Въ заключенiе, и самъ Гервинусъ говоритъ, «что при сравненiи шекспировскихъ передѣлокъ двухъ послѣднихъ частей этой исторiи (о Генрихѣ VI) приходится точно также сознаться, что въ нихъ видѣнъ больше Шекспиръ, чѣмъ Марло и Гринъ».
Изъ за чего же вы такъ горячились? Что за классификацiя по достоинству трагедiй Шекспира? Шекспиръ вездѣ Шекспиръ. Пусть г. Гервинусъ игнорируетъ первую часть трагедiи о Генрихѣ VI — тѣмъ не менѣе, мысль всей трилогiи ясна и въ ней, ясна изъ самой первой сцены, изъ плача вельможъ надъ трупомъ Генриха V и послѣдующаго появленiя гонцовъ, приносящихъ скорбныя вѣсти. А Тальботъ и его сынъ! А явленiе Жанны д’Аркъ во французскомъ лагерѣ, а насмѣшки надъ нею англичанъ передъ ея казнiю, а ссоры правителей государства? А во второй части незабвенный Джекъ Кэдъ и незабвенныя остроты надъ нимъ его прiятеля Дика, а смерть Кэда и вѣрноподданный Александръ Айденъ, а начало третьей части? — Но перечисленiе не укажетъ всѣхъ красотъ подлинника.
Мы съ намѣренiемъ остановились такъ подробно надъ разборомъ г. Гервинуса трилогiи о Генрихѣ VI. Намъ кажется, что пора наконецъ оцѣнить по достоинству историческiя трагедiи Шекспира, и думаемъ, что именно у насъ, русскихъ, съ нашей богатой исторiей (которую большинство нашей литературы игнорируетъ), широко разовьется историческая трагедiя.
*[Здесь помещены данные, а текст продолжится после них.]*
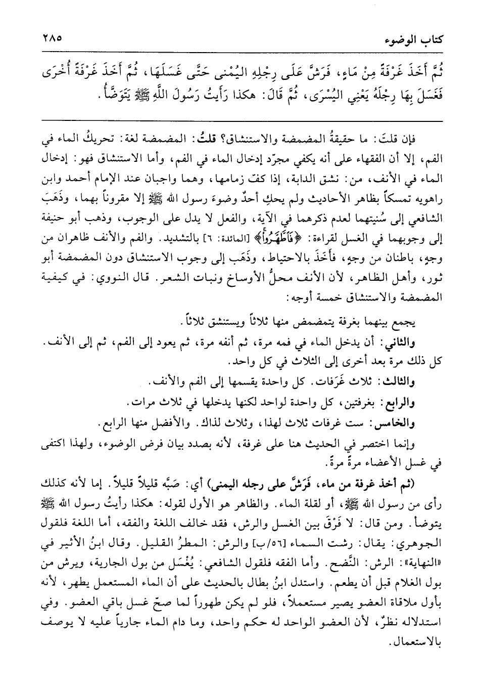 فإن قلتَ: ما حقيقةُ المضمضة والاستنشاق؟ قلتُ: المضمضة لغة: تحريكُ الماء في الفم، إلا أن الفقهاء على أنه يكفي مجرّد إدخال الماء في الفم، وأما الاستنشاق فهو: إدخال الماء في الأنف، من: نشق الدابة، إذا كفّ زمامها، وهما واجبان عند الإمام أحمد وابن راهويه تمسكًا بظاهر الأحاديث ولم يحكِ أحدٌ وضوءَ رسول الله -صلى الله عليه وسلم- إلا مقرونًا بهما، وذَهَبَ الشافعي إلى سُنيتهما لعدم ذكرهما في الآية، والفعل لا يدل على الوجوب، وذهب أبو حنيفة إلى وجوبهما في الغسل لقراءة: {فَاطَّهَّرُوا} [المائدة: 6]، بالتشديد. والفم والأنف ظاهران من وجهٍ، باطنان من وجهٍ، فأَخَذَ بالاحتياط، وذَهَب إلى وجوب الاستنشاق دون المضمضة أبو ثور، وأهل الظاهر، لأن الأنف محلّ الأوساخ ونبات الشعر. قال النووي: في كيفية المضمضة والاستنشاق خمسة أوجه:

У нѣмцевъ, какъ мы уже замѣтили, это дѣло не возможное, и кажется тоже нужно сказать и о французахъ, — доказательство, что величайшiй поэтъ Францiи, Викторъ Гюго, въ своей книгѣ о Шекспирѣ почти ни слова не говоритъ объ его историческихъ драмахъ; по крайней мѣрѣ, нѣтъ ни одного теплаго, задушевнаго слова.
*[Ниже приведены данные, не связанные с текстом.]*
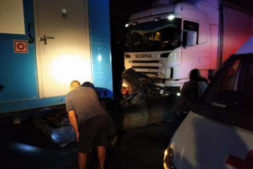 Смертельное ДТП произошло минувшей ночью на трассе Р-254 под Новосибирском. Большегруз Скания начал обгон, но не выдержал безопасного расстояния и смял автомобиль Тойота Камри рядом с другой фурой, ожидающей начала движения перед светофором.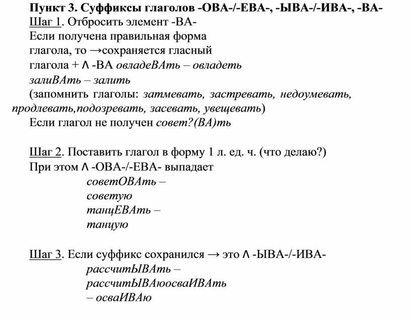 Пункт 3. Суффиксы глаголов -ОВА-/-ЕВА-, -ЫВА-/-ИВА-, -ВА-

Во вторыхъ, намъ до крайности странно мнѣнiе тѣхъ критиковъ, которые полагаютъ, что собственно одинъ «Ричардъ III» есть чисто шекспировская трагедiя. Какое непониманiе сущности исторической трагедiи! Какое непониманiе въ этомъ случаѣ Шекспира! Конечно, «Ричардъ III», по своему строенiю, ближе напр. къ Макбету, чѣмъ другiя драматическiя хроники Шекспира, но это потому, что демонически-могучая личность Ричарда III-го слишкомъ затѣмняетъ другiя; всѣ они, даже юношески благородный, но за то и юношески слабый Ричмондъ, блѣднѣютъ передъ этимъ горбуномъ, съ «ворчливымъ голосомъ». Дѣло въ томъ, что характеръ и зависящая отъ него судьба Ричарда III и его времени, — въ этомъ случаѣ совершенно иная, — а у Шекспира планъ трагедiи всегда находится въ строгомъ соотвѣтствiи съ судьбою трагедiи.
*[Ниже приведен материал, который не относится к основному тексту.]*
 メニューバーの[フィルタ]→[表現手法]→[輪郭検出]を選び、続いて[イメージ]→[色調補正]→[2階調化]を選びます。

У г. Гервинуса такое кавалерское отношенiе къ трилогiи о Генрихѣ VI тѣмъ болѣе странно, что онъ съ необыкновеннымъ старанiемъ указываетъ на шекспировскiя черты въ такихъ слабыхъ пiесахъ, какъ «Титъ Андроникъ» и «Периклъ»; что онъ подробно разбираетъ «Комедiю ошибокъ» и съ собственнымъ уваженiемъ отзывается о ней, хотя правду сказать, эта комедiя построена на чисто внѣшней интригѣ, на случайномъ сходствѣ двухъ братьевъ близнецовъ; что многiя сцены ея также устарѣли, какъ напр. конецъ мольеровскаго «Скупого».
Мы опускаемъ многiя другiя несообразности, замѣченныя нами у г. Гервинуса, какъ напр. причисленiе «наипрекраснѣйшей и прежалостной трагедiи о Ромео и Джульетѣ» къ числу эротическихъ пiесъ, и остановимся на одномъ весьма важномъ вопросѣ. Именно нѣкоторыя положенiя являются у Шекспира какъ бы искуственно выраженными. Таковые напр. споръ между Тальботомъ-отцомъ и Тальботомъ-сыномъ, разсказъ Тирреля о томъ, какъ онъ убилъ дѣтей Эдуарда IV, слова Макбета о томъ, какъ онъ зарѣзалъ сонъ. Всѣ подобныя положенiя, по самой сущности своей, не могутъ быть выражены иначе. Разберемъ два послѣднiя, извѣстныя по переводамъ рускимъ читателямъ. Тиррель подробно и необыкновенно картинно, даже поэтично, разсказываетъ, какъ спали обнявши другъ друга дѣти Эдуарда, малѣйшее ихъ движенiе. Если мы посмотримъ на это съ внѣшней точки зрѣнiя, то сейчасъ явится вопросъ: могъ ли убiйца разсказывать такъ; но Шекспиромъ дѣло взято гораздо глубже.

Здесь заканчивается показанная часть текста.